It was an exceptionally ugly night for Democrats. The Republicans winning the Senate is discouraging, though not unexpected. (I had held out hope of a 50-50 tie.) But the Democrats also lost multiple governorships, including several that should have been easy holds or promising pickups. A few scattered thoughts:
• If you thought the last few years of obstruction were bad, things are about to get worse. It was already a given that President Obama wouldn’t be able to pass any major legislation for the rest of his term; now he won’t be able to appoint any judges or federal officials either. I really, really hope no Supreme Court justice decides to retire in the next two years.
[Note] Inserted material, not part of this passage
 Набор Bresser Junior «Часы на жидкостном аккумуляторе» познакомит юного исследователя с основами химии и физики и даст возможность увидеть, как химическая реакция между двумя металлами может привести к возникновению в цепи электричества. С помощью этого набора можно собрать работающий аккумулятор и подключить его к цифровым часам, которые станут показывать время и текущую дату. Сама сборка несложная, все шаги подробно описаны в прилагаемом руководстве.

• The U.S. electorate has an absurdly short memory. Last year the Republicans were roundly condemned for shutting down the government; this year we rewarded them for it.
• Are we now stuck in a pattern where we elect a president every four years, then get disgruntled with him and two years later elect the opposition party to obstruct him for the rest of his term?
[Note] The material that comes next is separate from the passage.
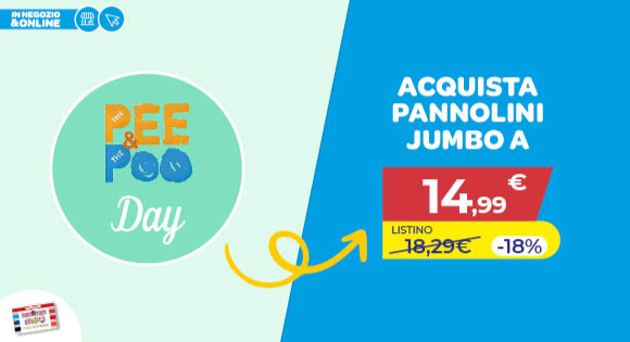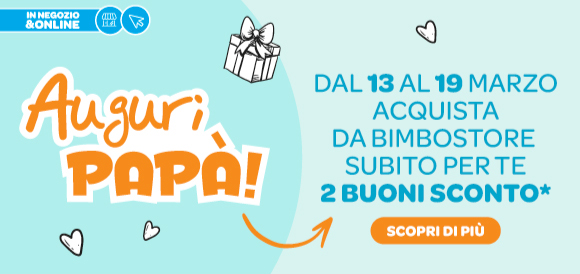 *VALIDI DAL 20 MARZO AL 5 APRILE 2026. Acquistando qualsiasi prodotto dell’assortimento Bimbostore, esclusi latti 1 e speciali, dal 13 al 19 Marzo il cliente riceve due buoni utilizzabili dal 20 marzo al 5 aprile 2026: 1 buono di 20€ su una spesa di almeno 100€ valido per l'acquisto di: sistemi modulari, passeggini, seggiolini auto, marsupi, fasce, lettini, culle, box, materassi, sdraiette, altalene, girelli, seggioloni, rialzi ecc... e 1 buono 3x2 valido per l'acquisto di: succhietti, biberon, accessori pappa, cosmesi mamma e bimbo, elettrici ecc.. Sono esclusi dall’utilizzo dei buoni: prodotti in promo, pannolini, salviette Pampers, salviette Chicco 60 pz, cuscino Elysia di Inglesina e suo rivestimento, babyfood, libri, videogiochi, Claire’s, Legami, Gift Card, kit risparmio, una selezione di articoli puericultura pesante e l'assortimento completo Toys Center. Per scoprire le esclusioni di puericultura in negozio consulta il regolamento in cassa oppure online al link www.bimbostore.com./esclusioni/. I buoni sconto verranno stampati a scontrino in negozio mentre per gli acquisti online verranno inviati via email al cliente che ha effettuato l’acquisto online di almeno un prodotto dell'assortimento Bimbostore, due buoni per ogni ordine. Offerta riservata ai titolari di Fidelity Card.

• More realistically, this can probably be chalked up to a chronic problem of turnout. The young, diverse electorate who showed up to elect Obama in 2008 and resoundingly reelect him in 2012 keeps sitting the midterms out. Republican gerrymandering and laws designed to make voting difficult can’t have helped, but this collapse was too widespread to be blamed solely on that. How did we fail to get the Obama coalition to the polls?
• Liberal ideas continue to be far more popular than Democratic politicians, as minimum wage and marijuana-legalization ballot initiatives notched wins even in red states.
• I trust Martha Coakley’s political career is now over, since she’s now blown two important, eminently winnable races in the bluest state in the nation. On the other hand, Sam Brownback, who’s run Kansas into the ground with unpaid-for tax cuts that devastated public services, was reelected promising… more tax cuts.